I agree. DKIM may be the new kid on the block, but some of us _DO_ use and rely on DomainKeys. Implement DKIM w/o sacrificing DomainKeys support please.

[mykkal]

Since a program like dkimproxy can institute both DomainKeys and DKIM for a machine for outgoing messages, cPanel could institute a similar program to provide both DomainKeys and DKIM support for outgoing emails using a similar methodology. Otherwise, dkimproxy could simply be added as one of the products that's part of cPanel instead as an alternative. This way, DomainKeys wouldn't need to be dropped as both could be available.

The issue with dropping DomainKeys is that some services do still check for it instead of DKIM, so you really need a proxying agent like dkimproxy (or something in-house developed) that can determine which is being checked and provide either DomainKeys or DKIM depending on what the receiving machine is checking for.

I'd rather not drop it but domain keys is kinda accepted as a primitive version of DKIM which is more robust. I think both are effective... But I also think domain keys will be deprecated soon!

We need this too.. DomainKeys are only being used by Yahoo!, while DKIM has been implemented by a lot of companies out there.

Please, add DKIM support into cPanel, or at least let us know you're going to add it or not.

Both would be the best option to be included in enterprise level software like Cpanel.

I agree. DKIM may be the new kid on the block, but some of us _DO_ use and rely on DomainKeys.
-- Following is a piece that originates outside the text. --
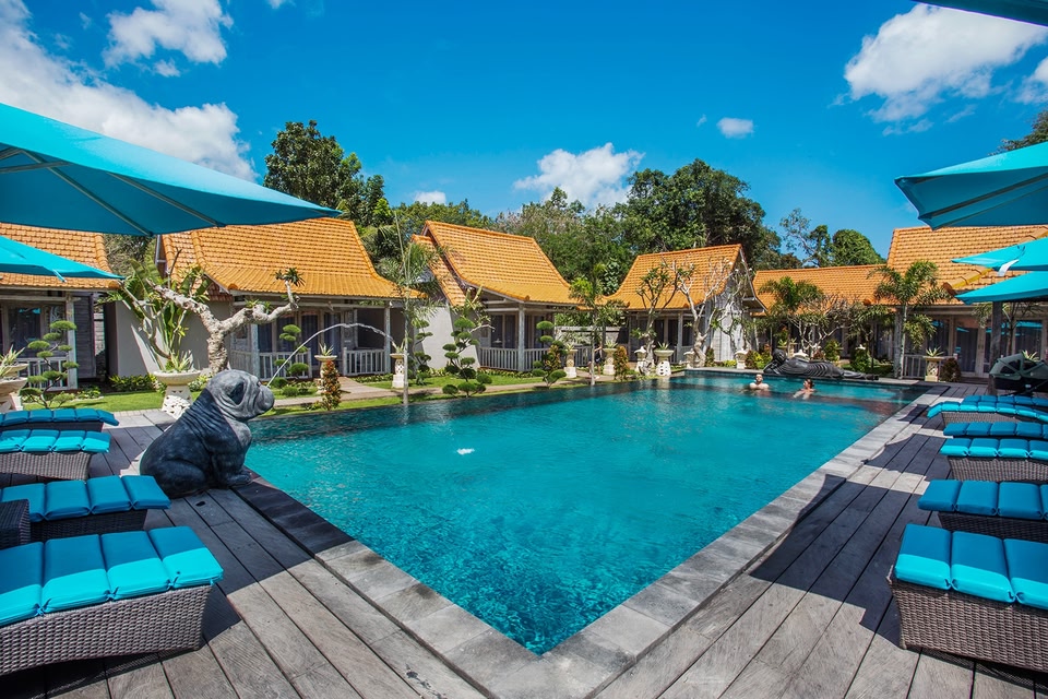 Located 328 feet from Mushroom Beach in Lembongan, The Palm Grove Villas features private villas with private entrances and traditional Balinese thatched roofs.

Implement DKIM w/o sacrificing DomainKeys support please.

Co-sign this totally! We need more people to post in this thread. Please share it socially.... I'm not sure how urgent this is to cpanel but I think they are considering it.
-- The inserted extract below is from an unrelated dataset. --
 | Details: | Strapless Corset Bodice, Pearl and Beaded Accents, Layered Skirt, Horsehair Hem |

Personally I can't wait another full year for the option. Its detrimental to my business. And really... They would want to offer that option to very successful web admins... They would be sending a lot of email anyways... Best to offer them technology that will keep them out of junk mail!

I hope CPANEL never falls this far behind on exim again! This thread has had 10,000 + views. C'MON CPANEL! Lets render this subject obsolete.